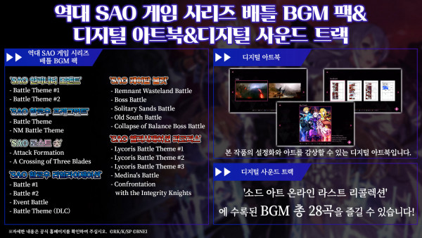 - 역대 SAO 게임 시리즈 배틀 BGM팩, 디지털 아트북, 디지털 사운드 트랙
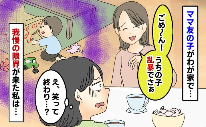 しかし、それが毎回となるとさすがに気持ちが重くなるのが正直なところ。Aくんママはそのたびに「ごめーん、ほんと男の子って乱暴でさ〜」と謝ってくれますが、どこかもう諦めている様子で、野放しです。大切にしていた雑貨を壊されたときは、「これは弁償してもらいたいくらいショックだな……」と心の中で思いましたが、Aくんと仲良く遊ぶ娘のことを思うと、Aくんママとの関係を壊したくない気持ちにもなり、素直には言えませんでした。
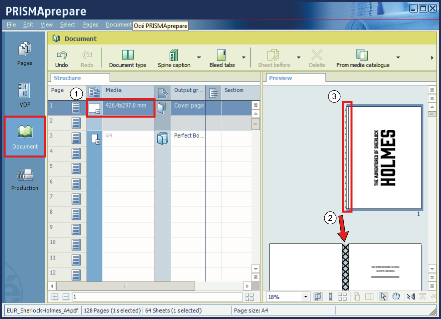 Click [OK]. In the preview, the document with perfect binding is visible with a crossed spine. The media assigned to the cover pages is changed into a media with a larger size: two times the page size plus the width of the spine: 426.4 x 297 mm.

* * *

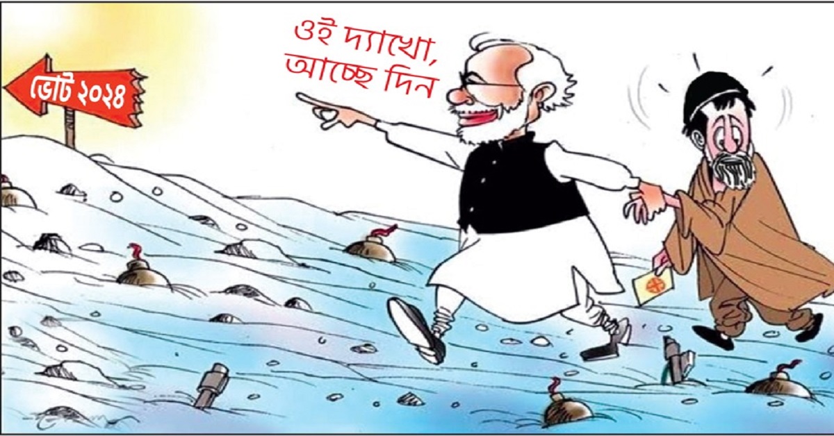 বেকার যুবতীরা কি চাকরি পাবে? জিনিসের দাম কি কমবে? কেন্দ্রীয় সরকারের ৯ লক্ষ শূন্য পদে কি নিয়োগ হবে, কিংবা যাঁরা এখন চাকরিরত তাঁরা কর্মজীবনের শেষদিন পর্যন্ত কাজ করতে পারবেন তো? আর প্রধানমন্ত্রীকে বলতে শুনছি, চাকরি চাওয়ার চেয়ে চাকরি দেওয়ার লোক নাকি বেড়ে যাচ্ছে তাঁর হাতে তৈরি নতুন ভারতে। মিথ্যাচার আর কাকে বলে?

- _Task statement_
Exactly the lines starting at the one above with "- 역대 SAO 게임 시리즈 배틀 BGM팩, 디지털 아트북, 디지털 사운드 트랙" and ending at the one with "しかし、それが毎回となるとさ" should be printed, and nothing else. Omit the pictures.

- _Exercise result_
 - 역대 SAO 게임 시리즈 배틀 BGM팩, 디지털 아트북, 디지털 사운드 트랙
 しかし、それが毎回となるとさすがに気持ちが重くなるのが正直なところ。Aくんママはそのたびに「ごめーん、ほんと男の子って乱暴でさ〜」と謝ってくれますが、どこかもう諦めている様子で、野放しです。大切にしていた雑貨を壊されたときは、「これは弁償してもらいたいくらいショックだな……」と心の中で思いましたが、Aくんと仲良く遊ぶ娘のことを思うと、Aくんママとの関係を壊したくない気持ちにもなり、素直には言えませんでした。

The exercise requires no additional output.